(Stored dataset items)
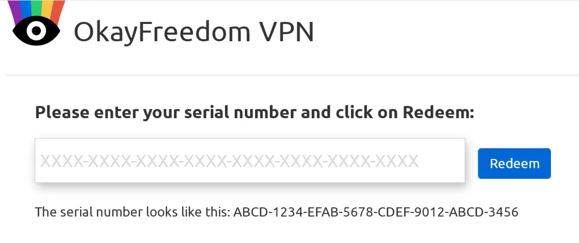 Установите OkayFreedom VPN на компьютер, в меню программы выберете - Управление лицензией ...> Введите серийный номер
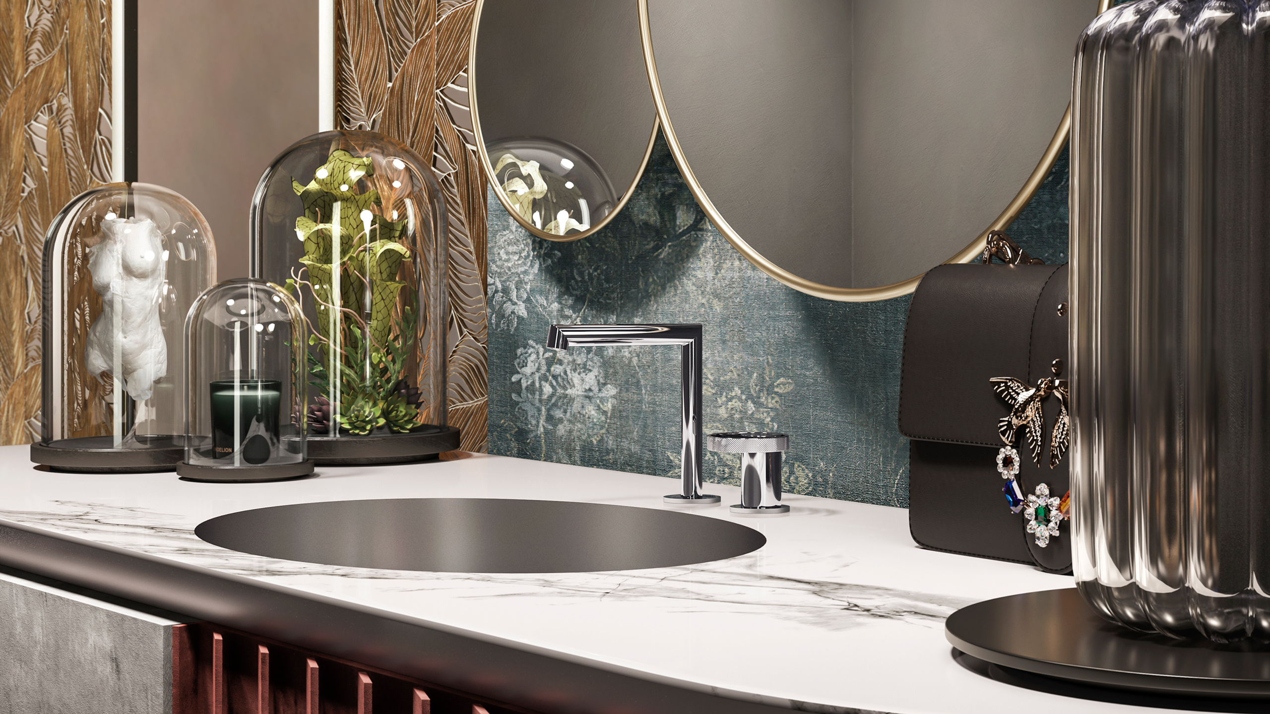Anello Copper với sắc vàng hồng đầy phong cách sở hữu những đường cong uốn lượn và vẻ đẹp mềm mại nữ tính, kết hợp hài hòa với nội thất calacatta và mang tới sự ấm cúng cho phòng tắm.
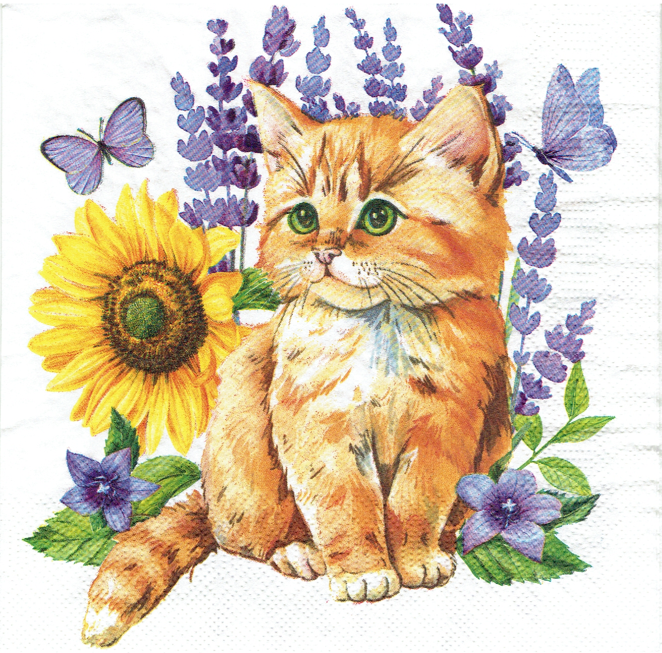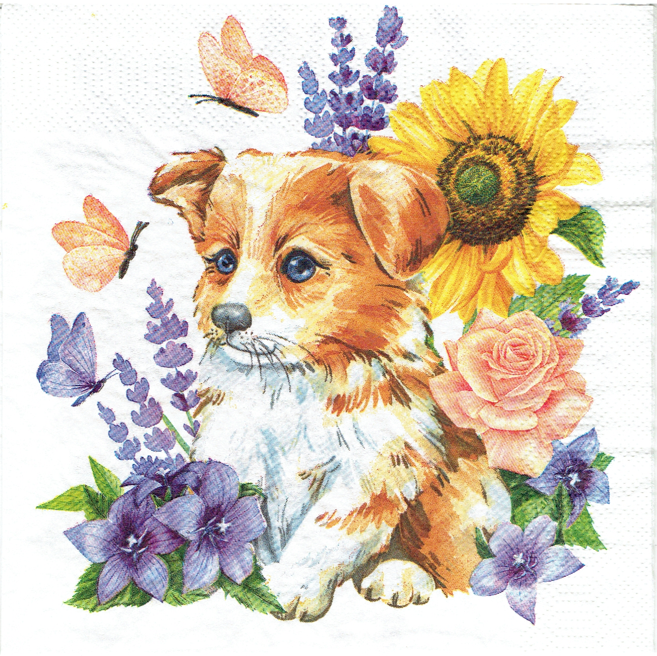 Serwetka decoupage 33x33 cm - kot, kotek, pies, piesek, kwiaty, motyle
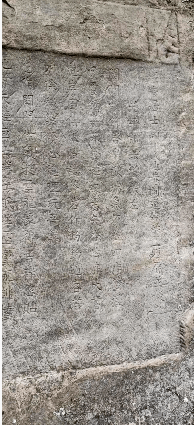 于是电告族弟,要勘正上述疑点,唯实地核实屏刻原文正误,务请再次亲临拍照录相。辗转往来,终获第一手资料,经细心比照校对,诸如以上问题迎刃而解。然而,又发现了一个最大的问题,那就是石屏开首第一个字的位置应缺少一个字,从照片原迹看已脱落得模糊不清,无法辩认。到底是个什么字?现我只有用问号质疑,留给后来者研究。但为便于当前理解,姑且借用一个(庐)字来填补。至于为什么要借用它来填补,理由是什么?先看看开屏第一句说的什么。开屏句是这样的:“?安居士颍川氏迪庵训道讳肇一题屏并拟”。据本人推测,这一句中“讳肇一”是作者本人,姓“讳”名“肇一”,“?安居士”应是他的别号,古人在名和字之外取号是常有的事;“颍川氏”是籍贯,“迪庵训道”应是身份。在“?”处用“庐”替代进去,这作者自号就叫“庐安居士”。至于加“庐”进去的理由,我认为有以下三点:
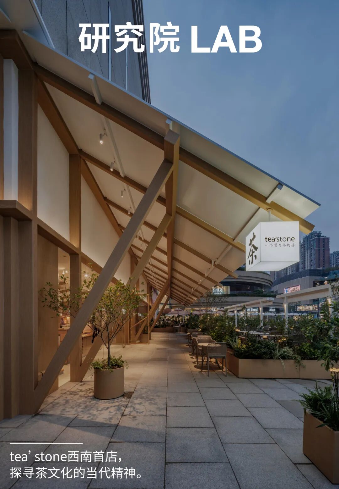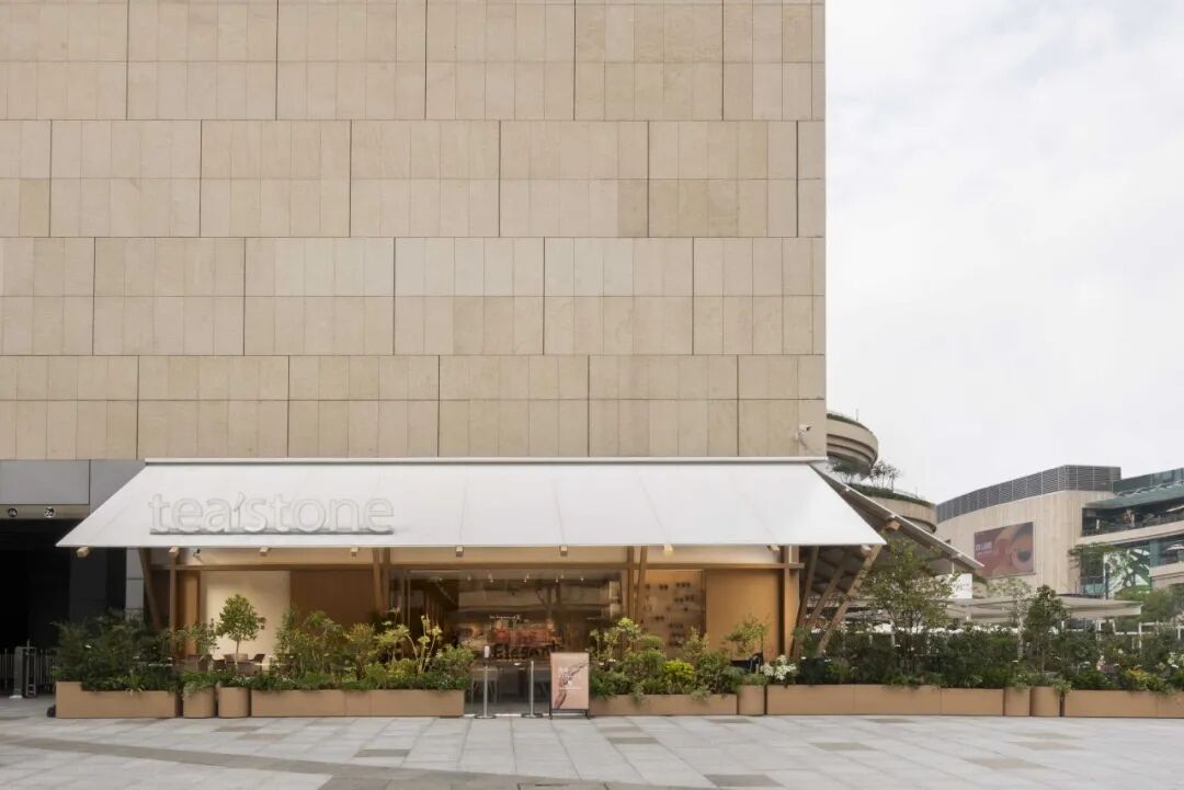 tea'stone成都店的外观设计便以茶铺的“斜撑凉棚”为创作灵感,轻盈灵动的浅色方木撑,结合tea'stone空间DNA中经典的纯白无饰大招展棚面设计,形成兼具中国记忆与当代美学的标志性空间符号。
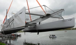 Posé une fleur sur l'eau Peu après 16 h 30, la manœuvre a commencé. La grue d'une capacité de levage de 400 tonnes a doucement soulevé « Vitalia 2 » pour aller le poser quelques minutes plus tard, comme une fleur, sur l'eau. Une opération toujours délicate dont le succès a été salué par les applaudissements du public. Ensuite, il a fallu répéter la manœuvre pour déposer la bôme et le mât de 45 m de long sur le bateau.
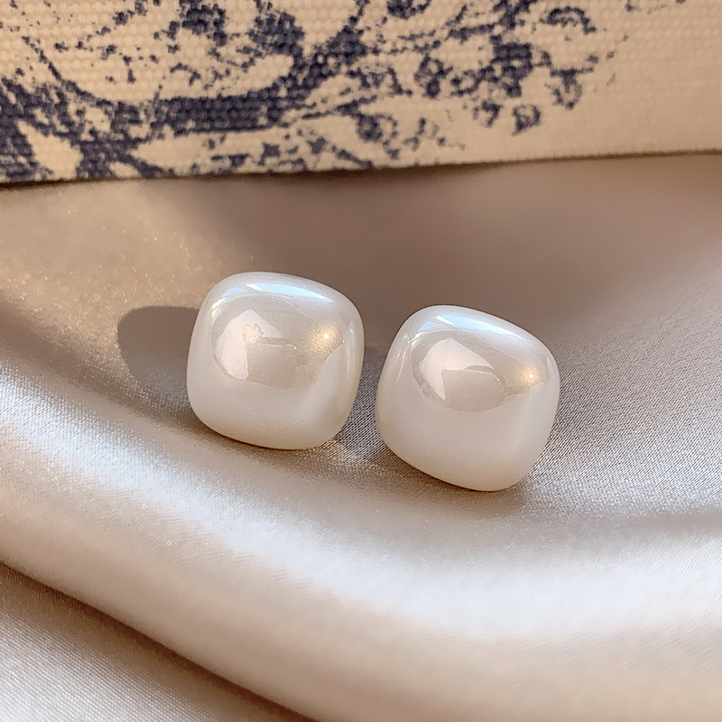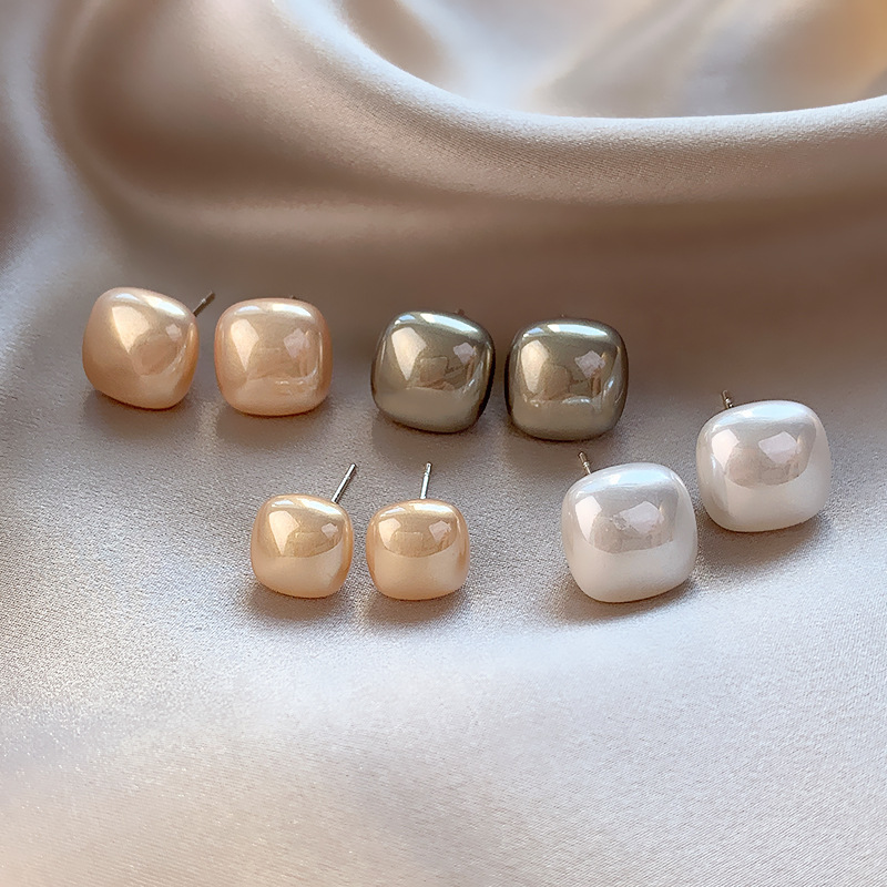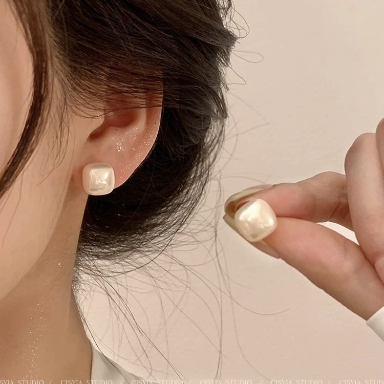 Bông tai ngọc trai vuông khí chất đơn giản sang trọng cho nữ Bông tai đường vuông dễ phối nhẹ nhàng trang sức tai cùng kiểu hot trên mạng

** REQUIREMENT **
Every record above needs to be repeated exactly; pictures are to be left out.

** YOUR RESPONSE **
 Установите OkayFreedom VPN на компьютер, в меню программы выберете - Управление лицензией ...> Введите серийный номер
Anello Copper với sắc vàng hồng đầy phong cách sở hữu những đường cong uốn lượn và vẻ đẹp mềm mại nữ tính, kết hợp hài hòa với nội thất calacatta và mang tới sự ấm cúng cho phòng tắm.
 Serwetka decoupage 33x33 cm - kot, kotek, pies, piesek, kwiaty, motyle
 于是电告族弟,要勘正上述疑点,唯实地核实屏刻原文正误,务请再次亲临拍照录相。辗转往来,终获第一手资料,经细心比照校对,诸如以上问题迎刃而解。然而,又发现了一个最大的问题,那就是石屏开首第一个字的位置应缺少一个字,从照片原迹看已脱落得模糊不清,无法辩认。到底是个什么字?现我只有用问号质疑,留给后来者研究。但为便于当前理解,姑且借用一个(庐)字来填补。至于为什么要借用它来填补,理由是什么?先看看开屏第一句说的什么。开屏句是这样的:“?安居士颍川氏迪庵训道讳肇一题屏并拟”。据本人推测,这一句中“讳肇一”是作者本人,姓“讳”名“肇一”,“?安居士”应是他的别号,古人在名和字之外取号是常有的事;“颍川氏”是籍贯,“迪庵训道”应是身份。在“?”处用“庐”替代进去,这作者自号就叫“庐安居士”。至于加“庐”进去的理由,我认为有以下三点:
 tea'stone成都店的外观设计便以茶铺的“斜撑凉棚”为创作灵感,轻盈灵动的浅色方木撑,结合tea'stone空间DNA中经典的纯白无饰大招展棚面设计,形成兼具中国记忆与当代美学的标志性空间符号。
 Posé une fleur sur l'eau Peu après 16 h 30, la manœuvre a commencé. La grue d'une capacité de levage de 400 tonnes a doucement soulevé « Vitalia 2 » pour aller le poser quelques minutes plus tard, comme une fleur, sur l'eau. Une opération toujours délicate dont le succès a été salué par les applaudissements du public. Ensuite, il a fallu répéter la manœuvre pour déposer la bôme et le mât de 45 m de long sur le bateau.
 Bông tai ngọc trai vuông khí chất đơn giản sang trọng cho nữ Bông tai đường vuông dễ phối nhẹ nhàng trang sức tai cùng kiểu hot trên mạng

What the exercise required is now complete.